[What the task asks]
Starting at the line that holds "当選した5名の生徒が生徒会役" and stopping at the line that holds "Результаты конкурса на", restate the records below word for word, with both of those lines included.

[Given data]
- Opening Delimiter -
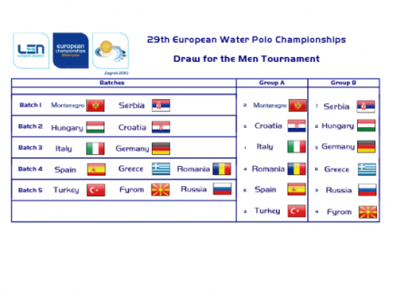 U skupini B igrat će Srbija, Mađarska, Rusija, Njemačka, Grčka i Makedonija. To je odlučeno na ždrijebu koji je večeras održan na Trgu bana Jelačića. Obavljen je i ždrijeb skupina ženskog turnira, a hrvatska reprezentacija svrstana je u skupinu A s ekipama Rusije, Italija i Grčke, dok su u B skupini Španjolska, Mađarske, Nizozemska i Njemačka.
- Closing Delimiter -
- Opening Delimiter -
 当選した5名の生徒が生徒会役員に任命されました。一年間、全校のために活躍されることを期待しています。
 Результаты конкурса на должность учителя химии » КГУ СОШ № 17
- Closing Delimiter -
- Opening Delimiter -
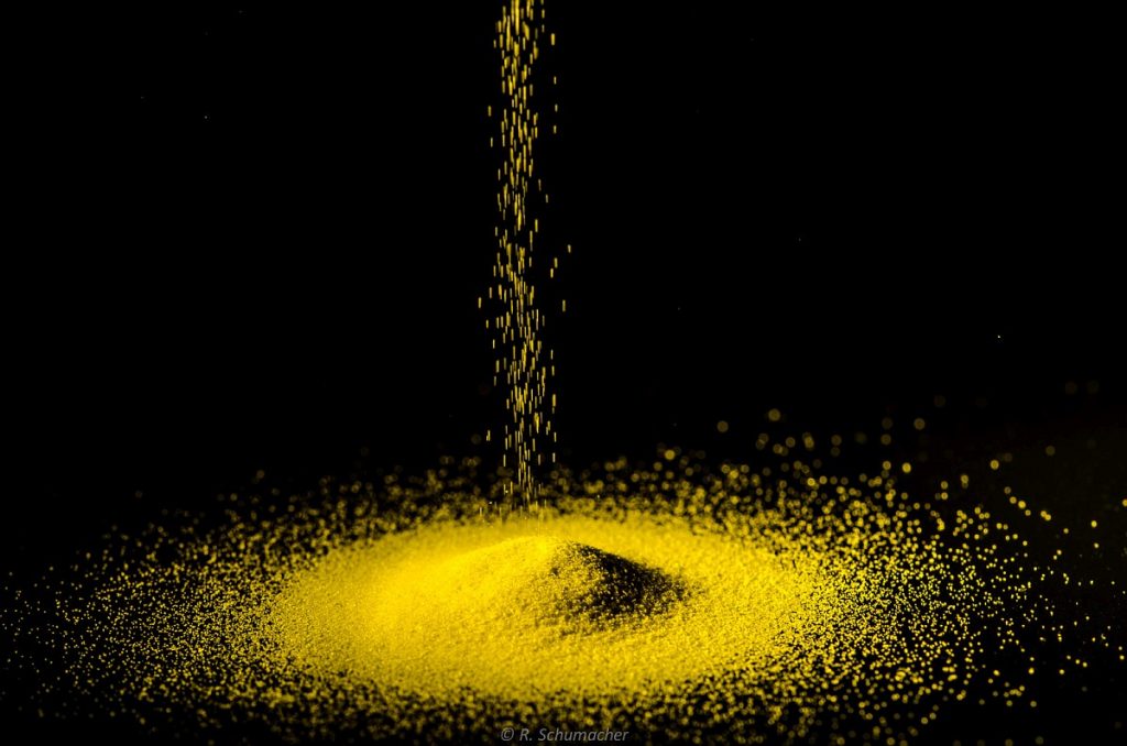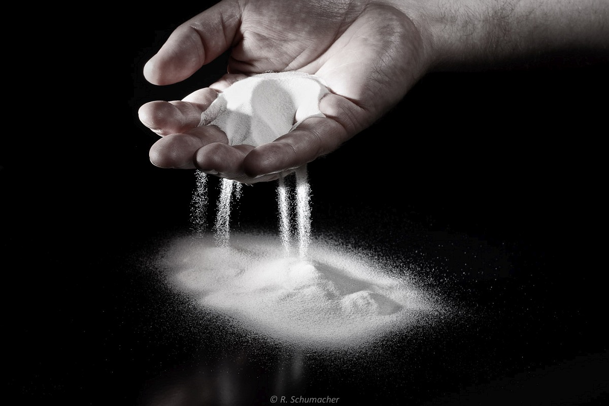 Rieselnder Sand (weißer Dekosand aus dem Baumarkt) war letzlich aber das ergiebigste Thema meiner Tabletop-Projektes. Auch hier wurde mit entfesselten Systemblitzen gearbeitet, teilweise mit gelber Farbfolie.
- Closing Delimiter -
[Solution to this problem]
 当選した5名の生徒が生徒会役員に任命されました。一年間、全校のために活躍されることを期待しています。
 Результаты конкурса на должность учителя химии » КГУ СОШ № 17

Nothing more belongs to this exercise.